### Work to complete
Pictures in the records below must be left out. Return exactly the lines from the line with "Das Bild wurde" to the line with "11月1日,游客在沙雅县沙雁洲景区内欣赏胡杨林。", both included.

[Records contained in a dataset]

=== Begin Enclosure ===

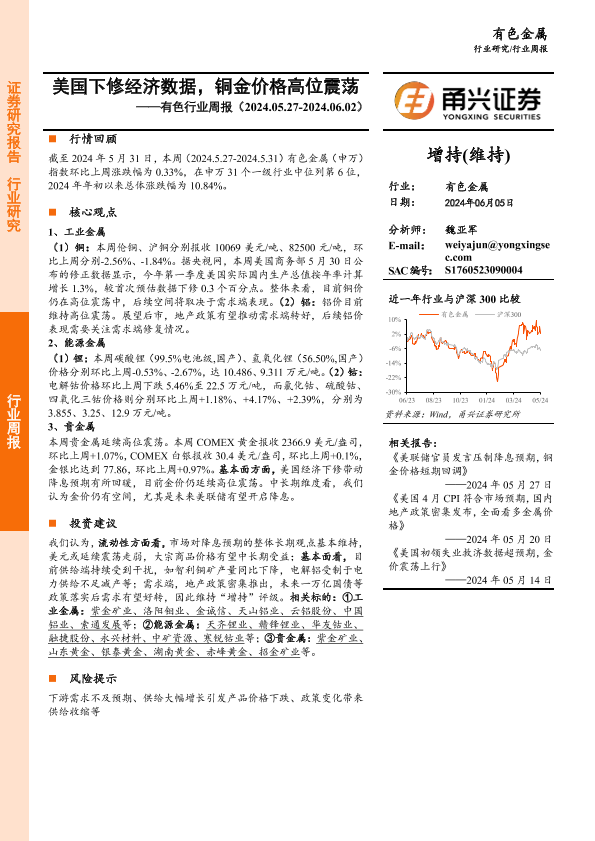 【甬兴证券】【20240605】20240605-甬兴证券-有色行业周报:美国下修经济数据,铜金价格高位震荡-16页
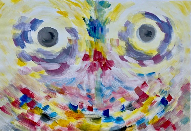 Das Bild wurde von einer Patientin mit Migrationshintergrund gemalt, die erst seit kurzer Zeit in Deutschland lebt und deren Deutschkenntnisse noch eingeschränkt sind. Sie malt in der Kunsttherapie leidenschaftlich gerne Bilder und vergisst dabei Raum und Zeit. Gerade das Malen ermöglicht es ihr ihre Gefühle und Gedanken - unabhängig bestehender Sprachbarrieren - auszudrücken.
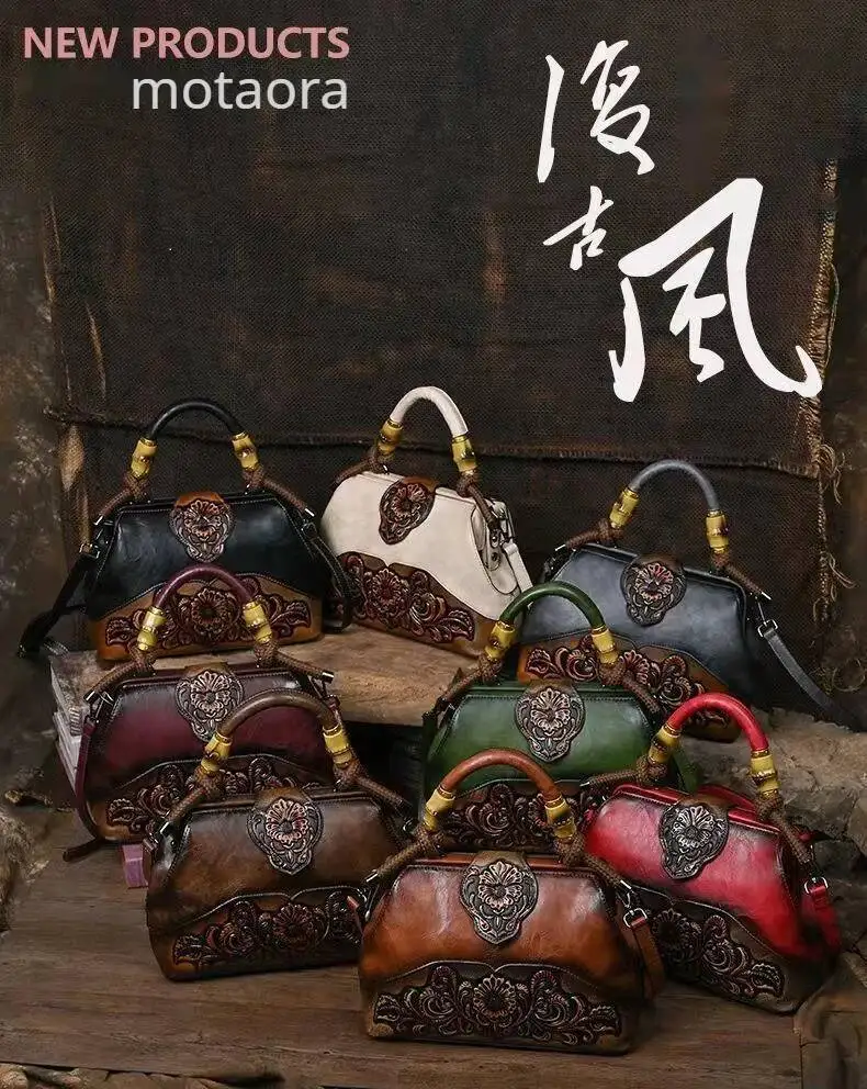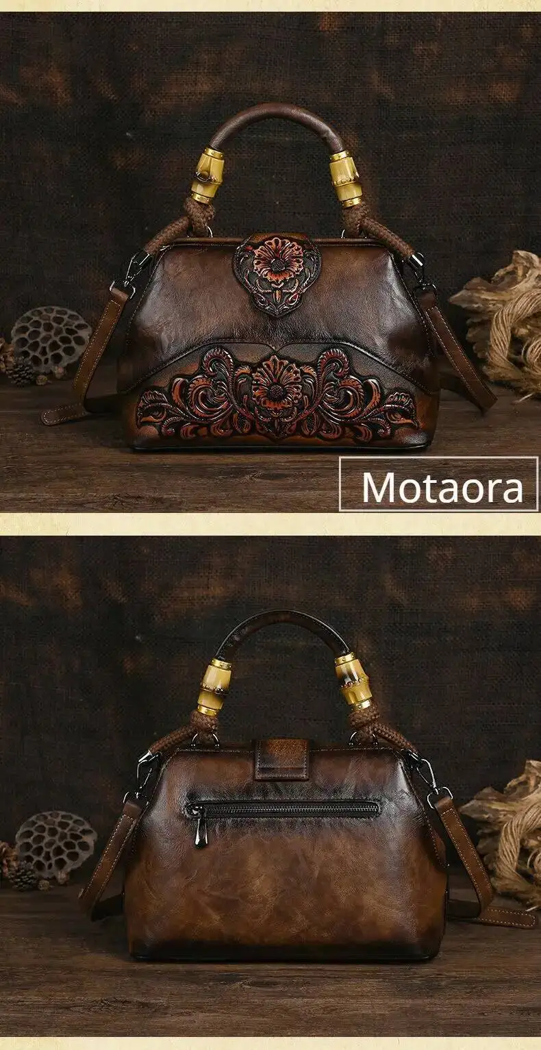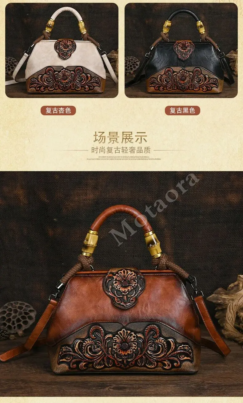 MOTAORA Handmade Luxury Handbags For Women Leather Shoulder Bags 2025 New Vintage Carved Ladies Hand Bags Designer Luxury Bag
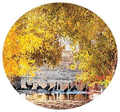 11月1日,游客在沙雅县沙雁洲景区内欣赏胡杨林。
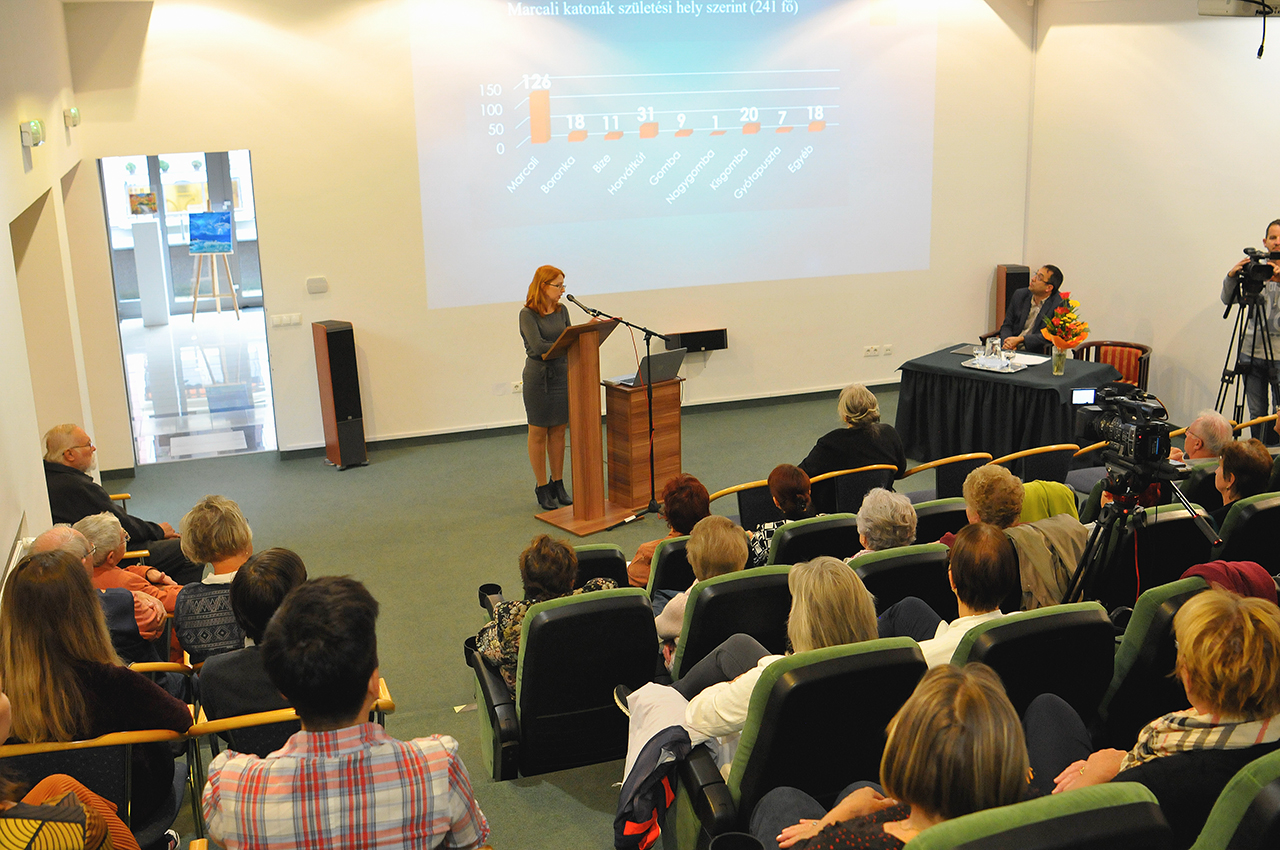 A Marcalihoz és településrészeihez kötődő (itt született vagy itt élt) katonák életútjait több éves kutatással igyekezett feltárni a két szakember. Eredményeikről prezentációjukban számoltak be. Elsőként Németh Ildikó a háborús veszteség településrészekre vetített arányait, valamint szociológiai vizsgálatainak eredményeit mutatta be. Azt követően Huszár Mihály több, az első világháborúban harcoló személy egyedi sorsát tárta a hallgatóság elé.

=== End Enclosure ===

### Task solution
 Das Bild wurde von einer Patientin mit Migrationshintergrund gemalt, die erst seit kurzer Zeit in Deutschland lebt und deren Deutschkenntnisse noch eingeschränkt sind. Sie malt in der Kunsttherapie leidenschaftlich gerne Bilder und vergisst dabei Raum und Zeit. Gerade das Malen ermöglicht es ihr ihre Gefühle und Gedanken - unabhängig bestehender Sprachbarrieren - auszudrücken.
 MOTAORA Handmade Luxury Handbags For Women Leather Shoulder Bags 2025 New Vintage Carved Ladies Hand Bags Designer Luxury Bag
 11月1日,游客在沙雅县沙雁洲景区内欣赏胡杨林。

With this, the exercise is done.